In August 1595 Anthony moved into Essex House to act as the Earl’s virtual ‘Secretary of State’. 1595 was also the year in which the Lord Treasurer Burghley completed his personal coup d’état by seeing his son Robert, who was knighted in 1591 and made a member of the Privy Council, and who had been unofficially filling the vacant office of Queen’s Secretary of State for several years, achieve the politically powerful position of Chancellor of the Duchy of Lancaster. This climb to power culminated the following year when Robert was officially made the Principal Secretary of State, cementing the father-son combo which together held the reins of power in the Queen’s Government. (When Burghley died in 1598, Robert continued as Secretary of State, maintaining his position of power.)

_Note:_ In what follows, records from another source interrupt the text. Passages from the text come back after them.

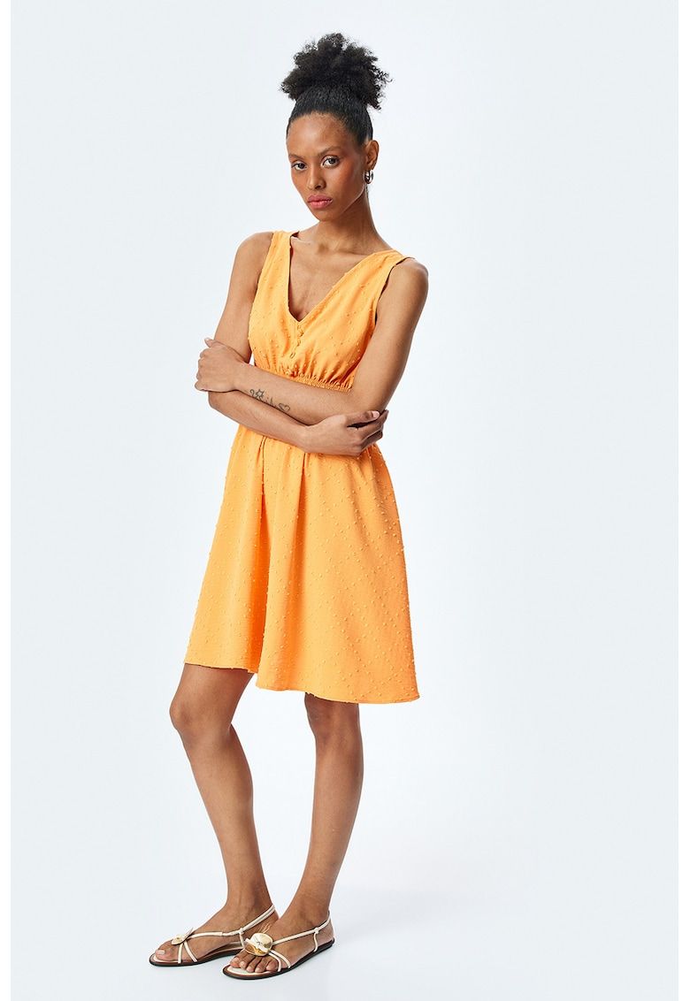 Caracteristici Culoare: galben sofran Stil: casual Material: poliester Imprimeu: uni Croiala: in a Lungime: scurta Lungime maneca: fara maneca Compozitie Exterior: 100% poliester
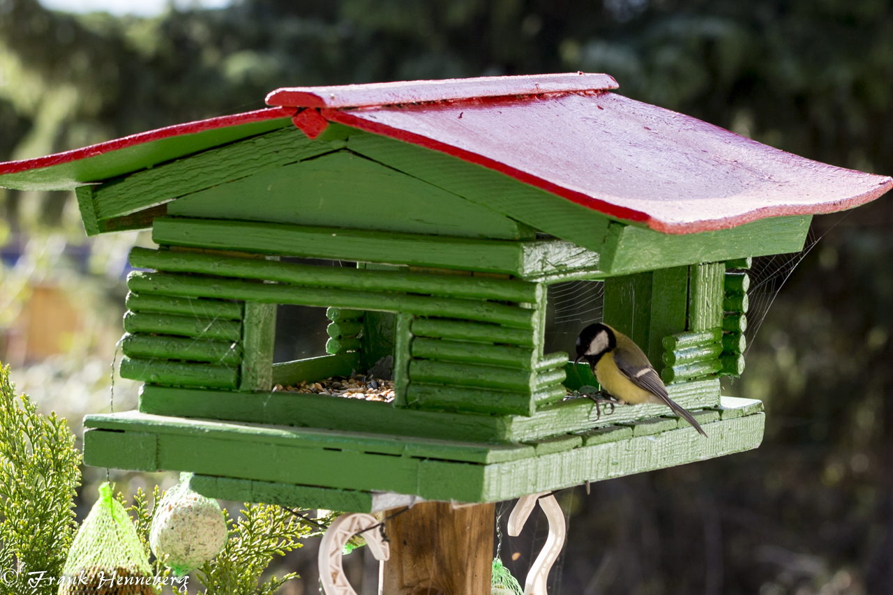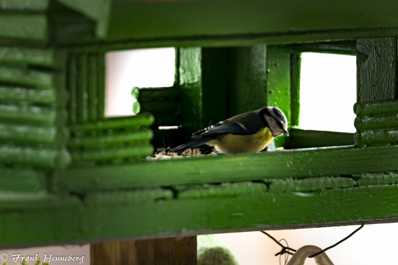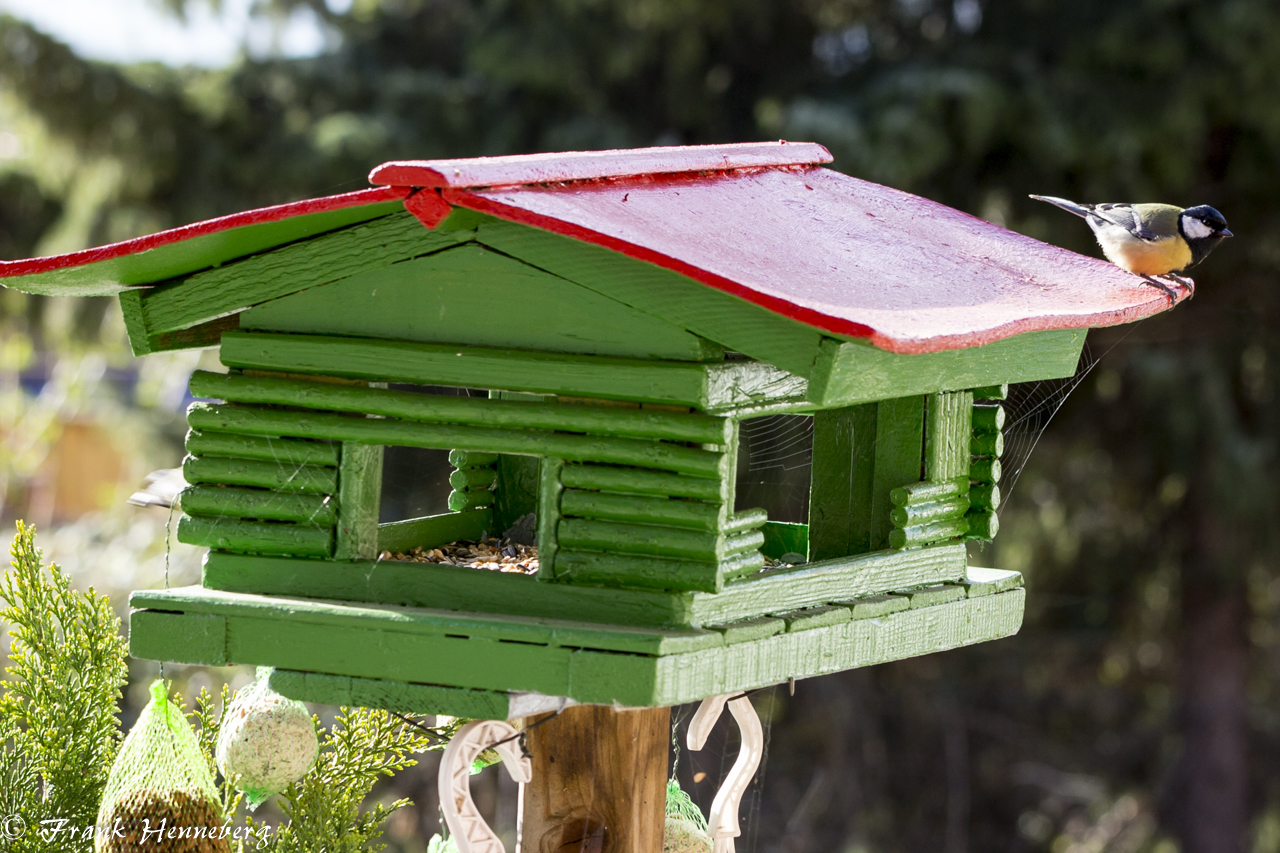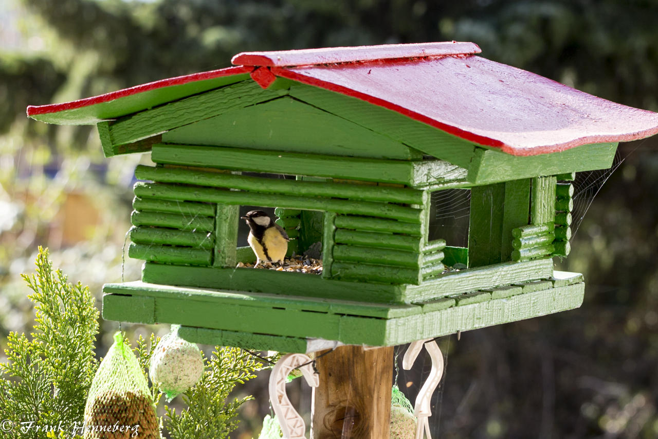 Die Meise im Vogelhäuschen ist ein Bildausschnitt.
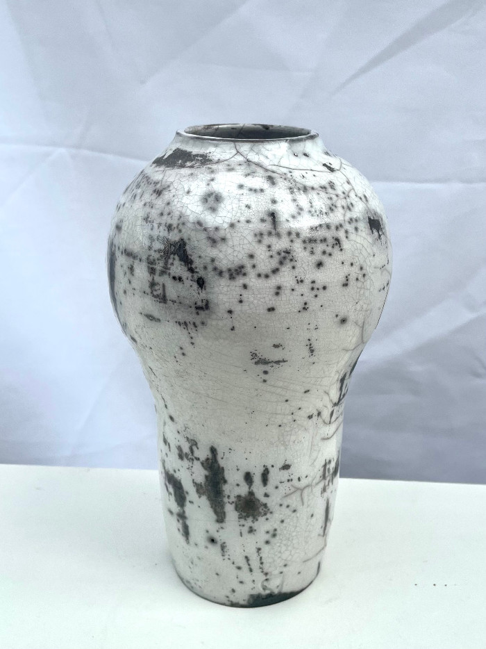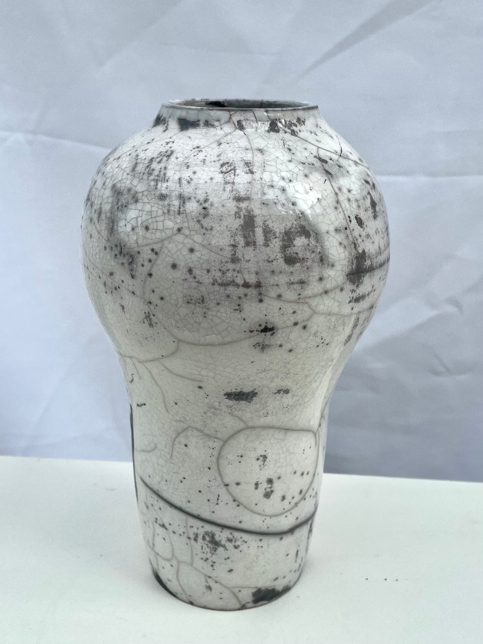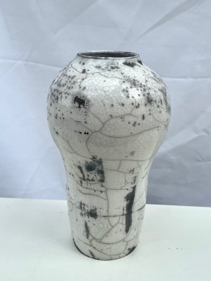 This jar was thrown on the wheel, bisque fired then a clear glaze applied and fired in a raku kiln which yields an absolutely unique surface to each pot. It is 22cm high. Usual selling price: £90
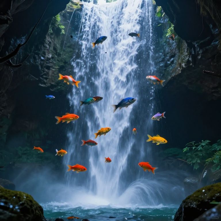 Vividly colored fish defy gravity, gracefully ascending a luminous waterfall that cascades into a serene, otherworldly cavern where light and shadow blend seamlessly.
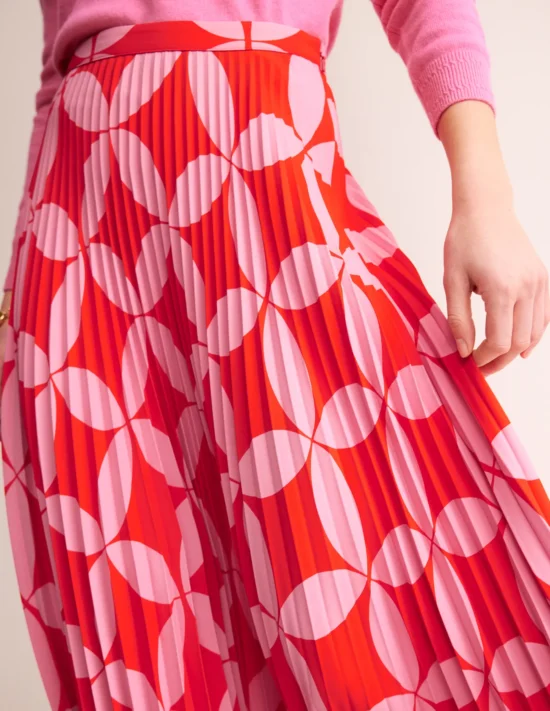 I love the color combination on this pleated skirt. Pair it with the matching top for a bold summer look. Add a red or pink sweater and boots in fall for a bright cold weather outfit.
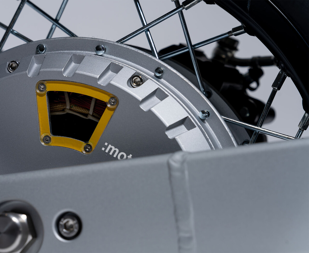 O ciclomotor possui um motor elétrico de cubo de última geração 3 600 watts com velocidade máxima superior a 45 km/h. O motor fornece um binário de 60 Nm.
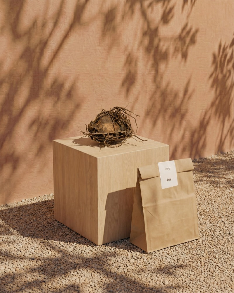 Iris-Rhizome und feey-Papiertüte auf einem Holzwürfel im warmen Sonnenlicht
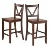 These Weston Home Junipero Counter Height Chairs – Cherry – Set of 2 are perfect for counter, bar, or dining table setups. Crafted from quality rubberwood, they boast a rich cherry finish that highlights the gorgeous wood veneer. Cushioned faux leather seats ensure comfort, while the sleek design channels early 20th century style. They also work beautifully with the Junipero Collection dining tables.
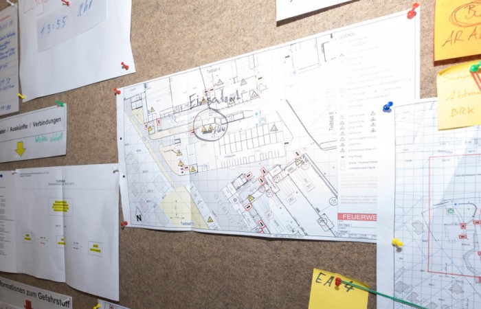 Von der Regierung der Oberpfalz waren die Herren Michael Iberer und Thomas Bahlcke anwesend. Fachbereichsleiter Hans-Christian Eibl und sein Team von der SFS Geretsried hatten ein Szenario ausgearbeitet, bei dem ein Kran auf einen mit Ammoniakwasser beladenen Tanklastzug stürzte.
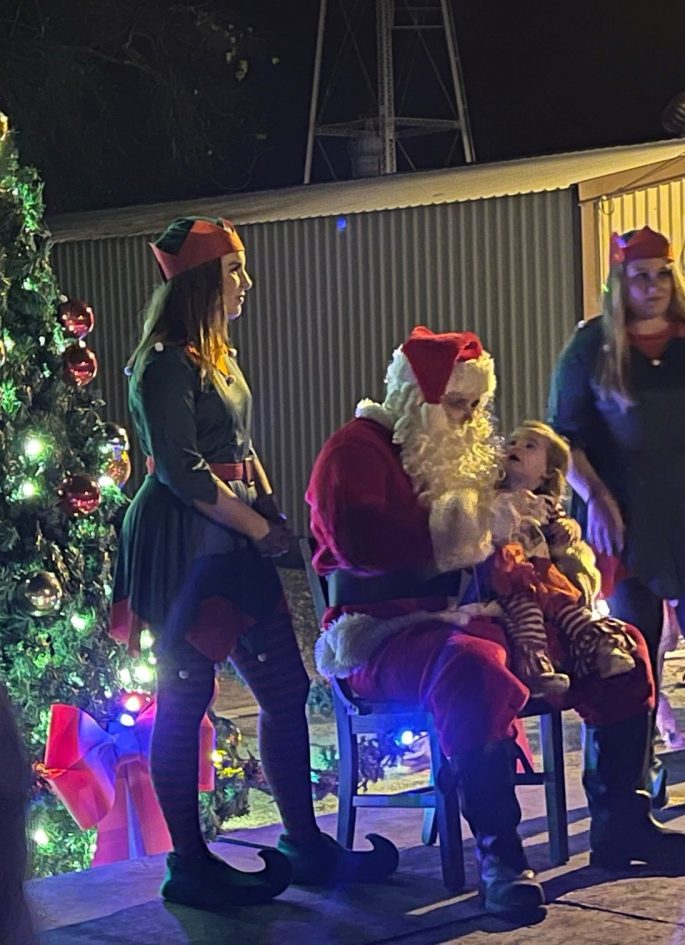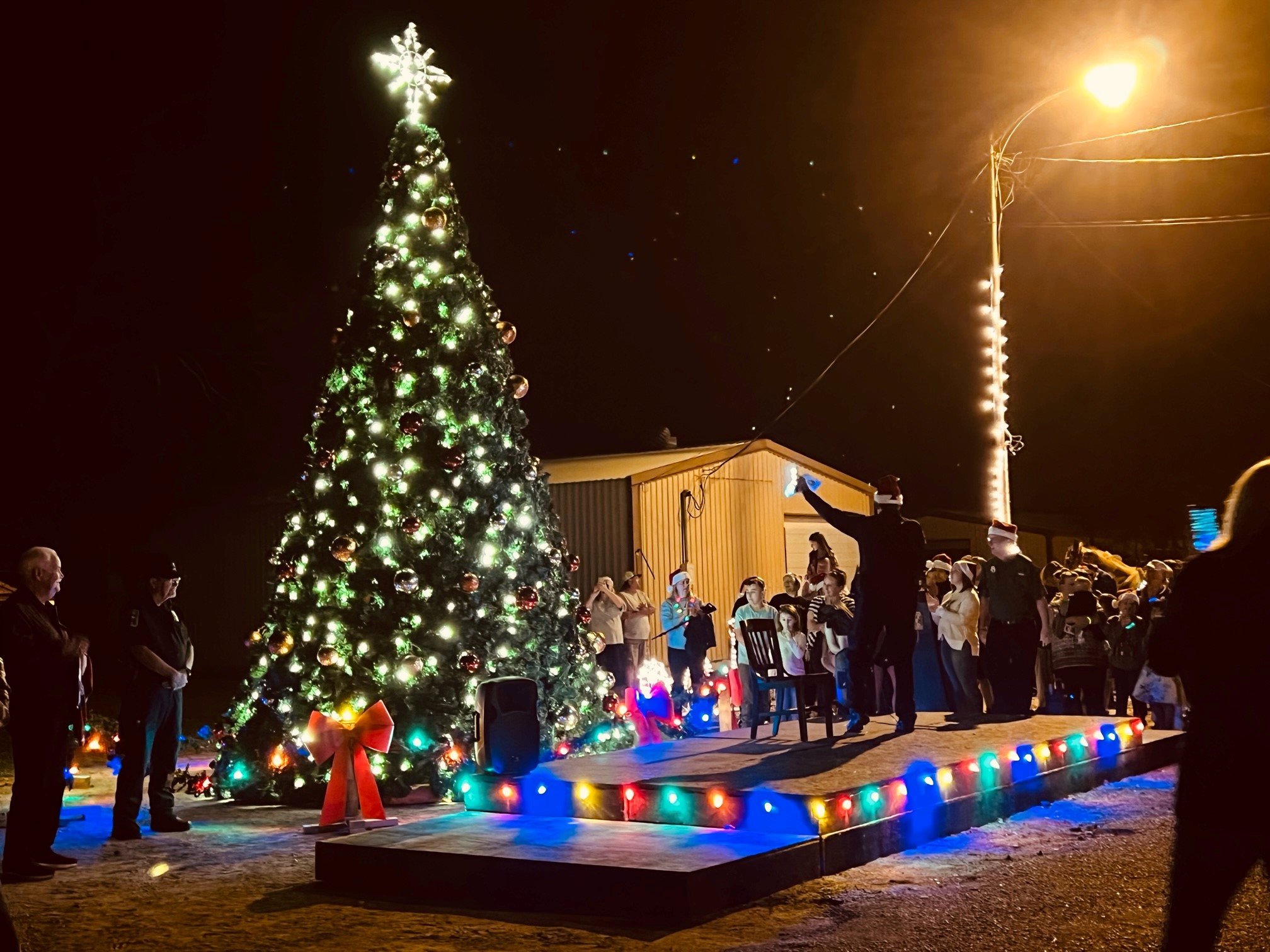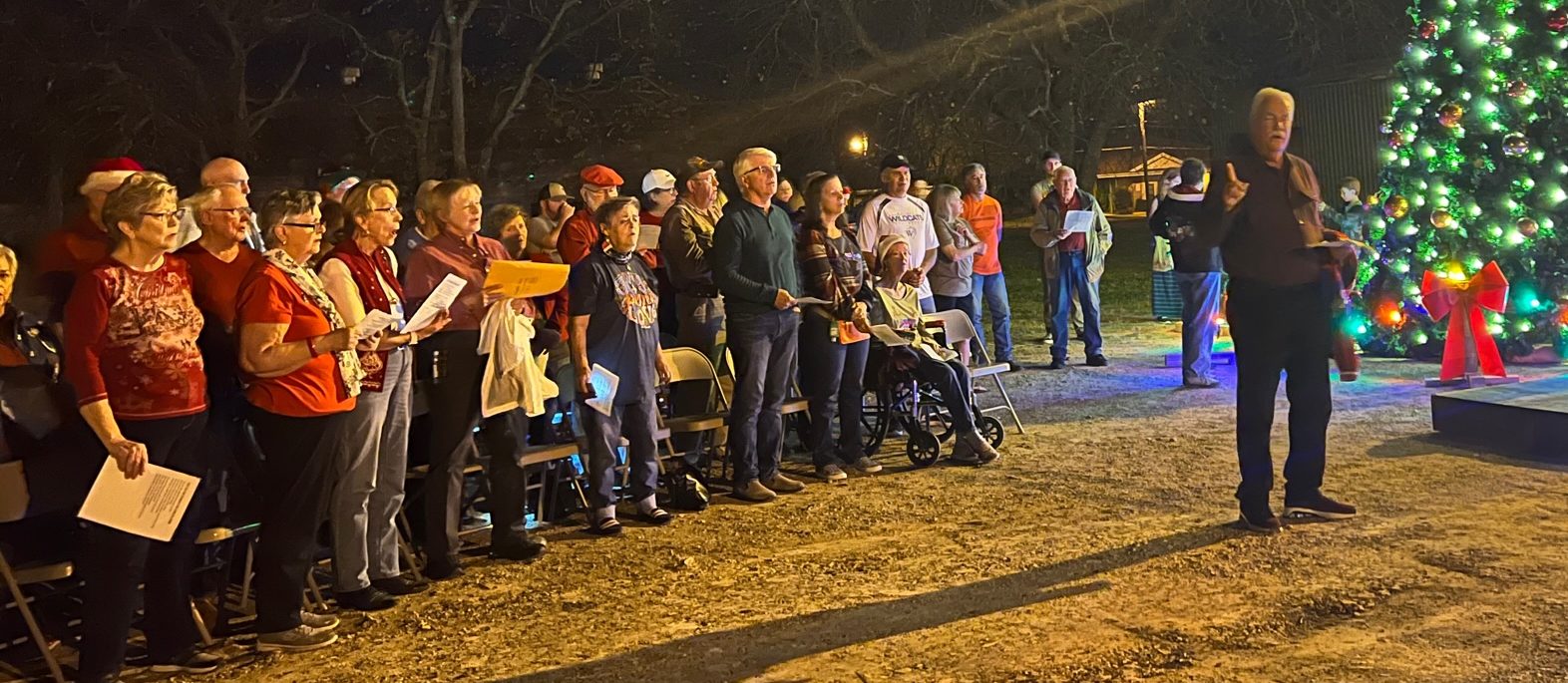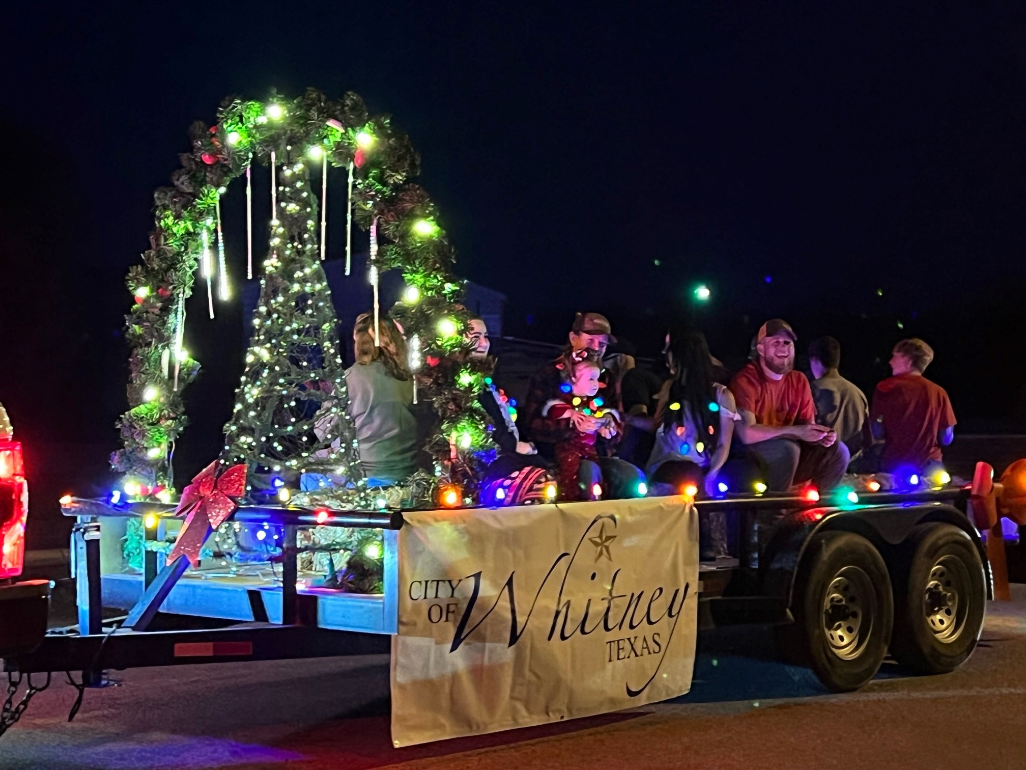 The City of Whitney got into the Christmas spirit with a parade followed by the lighting of the downtown Christmas tree Saturday night, December 4. Pictured above, Mayor Brad Slaten, introduced by City Administrator/Police Chief Chris Bentley, lit the tree. Following the tree lighting, holiday dance performances were provided by To The Pointe Dance Studio students and Whitney High School German Club Folk Dancers. The White Bluff Chapel choir (pictured at bottom) led Christmas carols around the tree, and at the end of the night, children lined up to have their pictures taken with Santa Claus.

In November 1595 the Queen formally appointed Coke as Attorney-General and Serjeant Fleming as Solicitor-General. Essex was mortified by this result, feeling it as a matter of pride, and bestowed on Francis a gift of land (assumed to be adjoining Twickenham Park) in recompense for what he felt was his failure to help his friend. Francis was able to raise money on this land to ease his situation, and later he sold it.

For the Queen’s Accession Day celebration on 17 November 1595, Francis wrote The Philautia Device and The Device of the Indian Prince for Essex to perform before Elizabeth, filled with flattering and adulatory references to her Majesty, which helped to reconcile her to Essex (who had, thanks to a book published abroad, been under a shadow of suspicion concerning his influence with the Queen upon the matter of succession). The device was sponsored by Essex and took place at York House. It was sufficiently successful with the result that the Queen was not only reconciled to both Essex and Francis but she also granted Francis the reversion of the lease of Twickenham Park.

A year later, Francis was again involved in composing a device for the 1596 Accession Day Tournament, this time for Robert Ratcliffe, the fifth Earl of Sussex. One of the speeches from the device, written by Francis Bacon, is preserved in the Northumberland MS collection.

In January 1597 Francis had a book published under his own name of ‘Francis Bacon’ for the first time, this being the first version of his Essays, which he dedicated with affection to his “Loving and beloved Brother”, Anthony, referring to Anthony as “you that are next myself”.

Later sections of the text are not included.